Did Bipolar Disorder Kill Kurt Cobain?

He Should’ve Taken Lithium, Not Heroin. Kurt Cobain’s Suicide 20 Years Later

What if Kurt Cobain took Lithium instead of heroin? Would he still be alive today? Would it have stifled his creativity? Or maybe enhanced it? Would Nirvana be as great if it continued beyond “In Utero”?

It’s quite possible that one of the reasons Nirvana is so phenomenal is that the band’s lifespan was only long enough to create three albums and a B-sides record. “It’s better to burn out than to fade away,” Kurt infamously wrote in his suicide note, quoting Neil Young.

It’s a little known fact that Kurt Cobain was bipolar. Bipolar artistic figures abound in history. From Edgar Allen Poe to Vincent Van Gogh, Jimi Hendrix to Amy Winehouse. All of them self-medicating bipolar addicts, and all of them died 40 or younger.

We will never know the answers to the above questions, but it is credibly and anecdotally documented that Kurt Cobain was bipolar. There was a monster inside his brain. A monster called manic depression.

Cobain experienced the intense highs and extreme lows of bipolar disorder a.k.a. manic depression. His song “Lithium” describes bipolar to a T, down to the titular drug used to treat manic depression. It runs the gamut from happiness to apathy to sadness, sometimes within the same sentence. However, there is no evidence that Kurt actually took Lithium.

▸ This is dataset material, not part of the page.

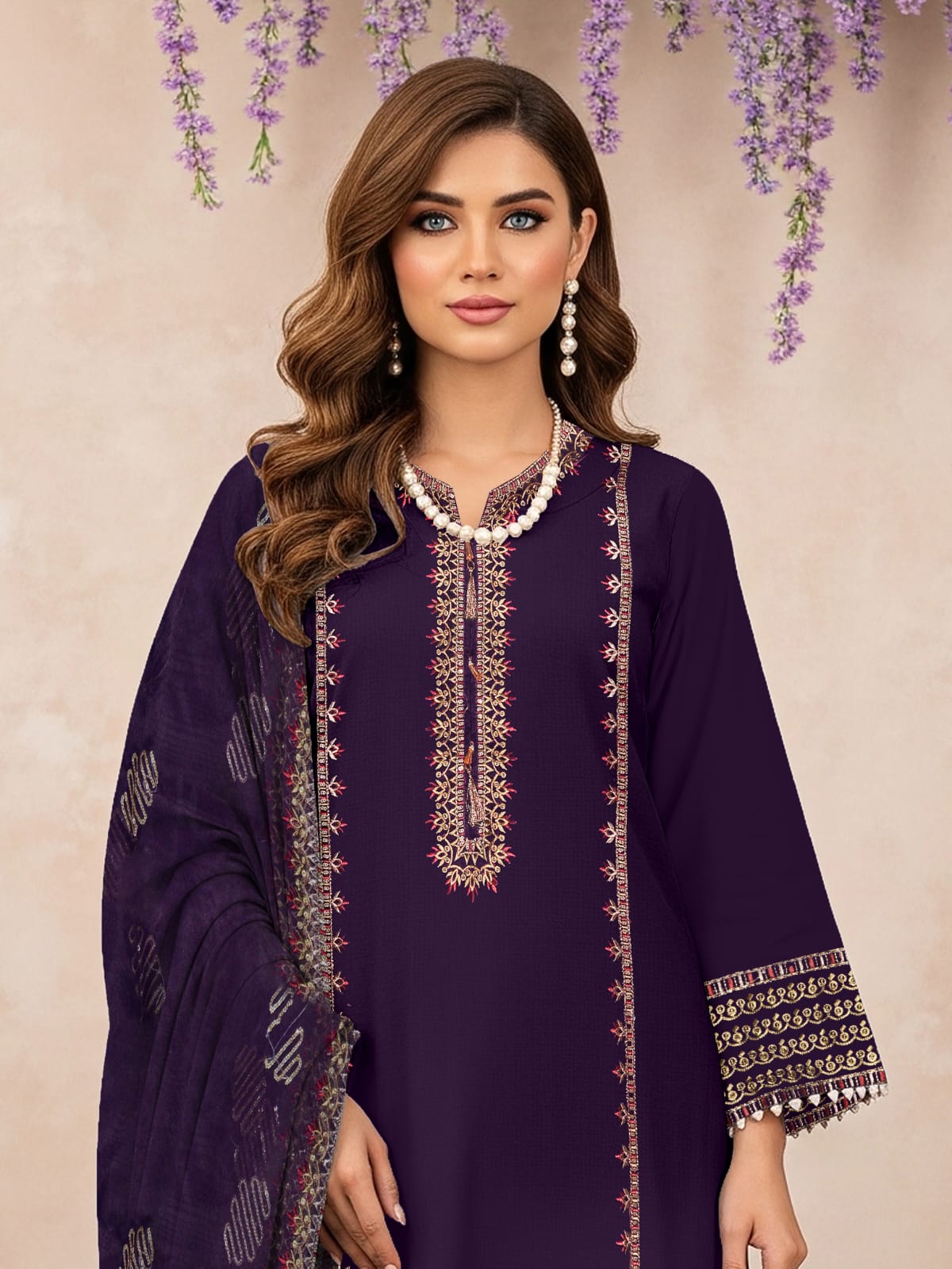 Lawn 3 Piece Suit Stitched - Royal Purple
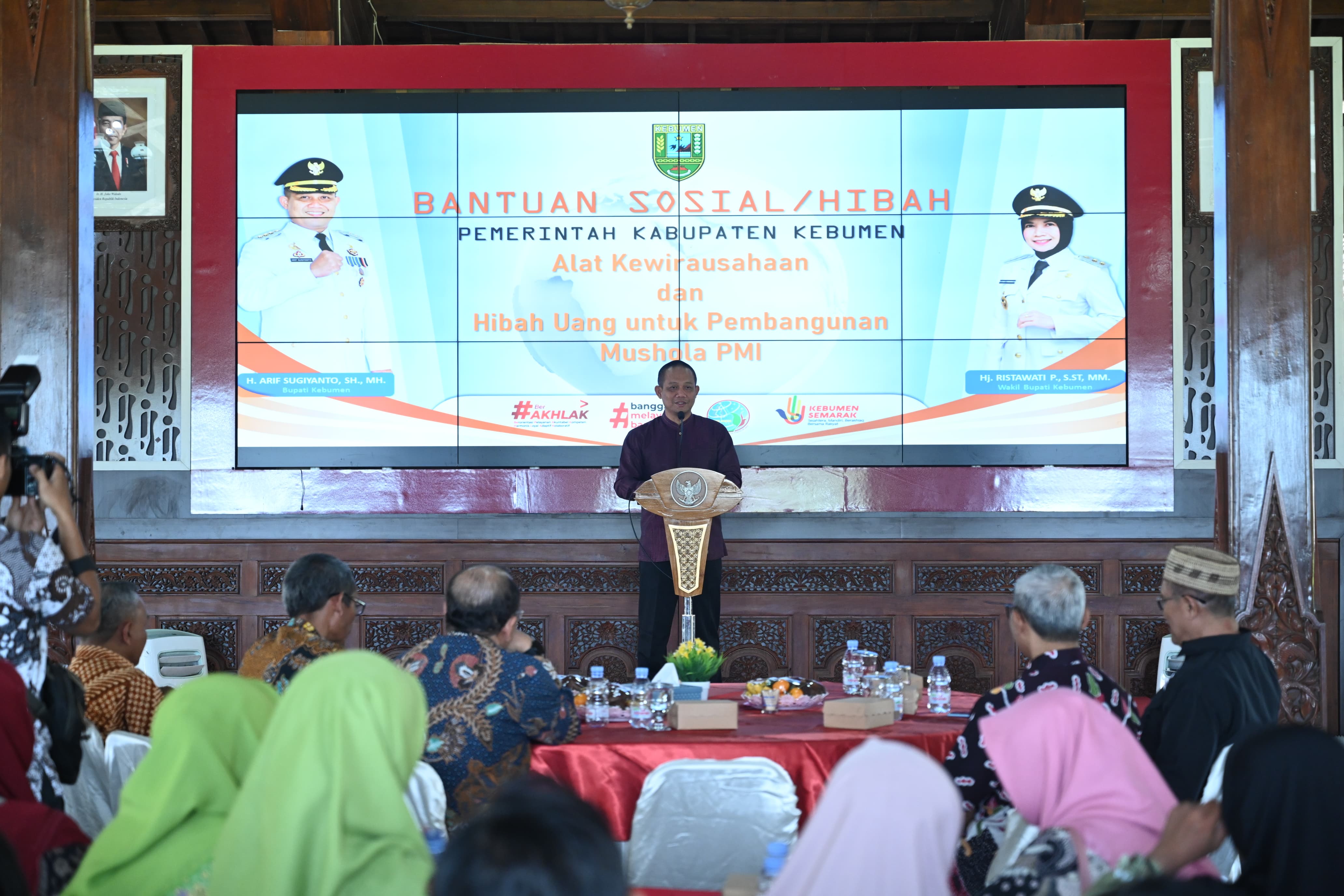 KEBUMEN - Bupati Kebumen Arif Sugiyanto menyerahkan bantuan alat-alat kewirausahaan kepada 140 penerima, baik itu kelompok usaha maupun perorangan. Bantuan secara simbolis diberikan di Pendopo Kabumian, Kamis (21/12/2023).

Kurt Cobain was diagnosed with ADD at a young age, and with bipolar thereafter, according to an interview with Kurt’s cousin Bev Cobain. Bev Cobain is a registered nurse with a background working in mental health. Her books include “Dying to Be Free: A Healing Guide for Families After a Suicide,” and “When Nothing Matters Anymore: A Survival Guide for Depressed Teens.”

Kurt Cobain’s depression is clear as purified spring water. There are lyrics like “I miss the comfort in being sad,” (“Frances Farmer”) to “I think I’m dumb” (“Dumb”) to the down-in-the-dumps yearning for a better life in “Pennyroyal Tea” (“Distill the life that’s inside of me”).

Then there’s “Radio Friendly Unit Shifter” with its chorus: “What is wrong with me?” (x4) and the verse line “bipolar opposites attract.”

Kurt Cobain reportedly would go into maniacal work tears, writing songs with lyrical motifs and song patterns that are decidedly bipolar. There are nonsensical lyrics. When someone is manic, they make strange word associations and many misbehave creatively. Case in point Nirvana’s most popular single “Smells Like Teen Spirit” – “a mulatto, an albino, a mosquito, my libido.”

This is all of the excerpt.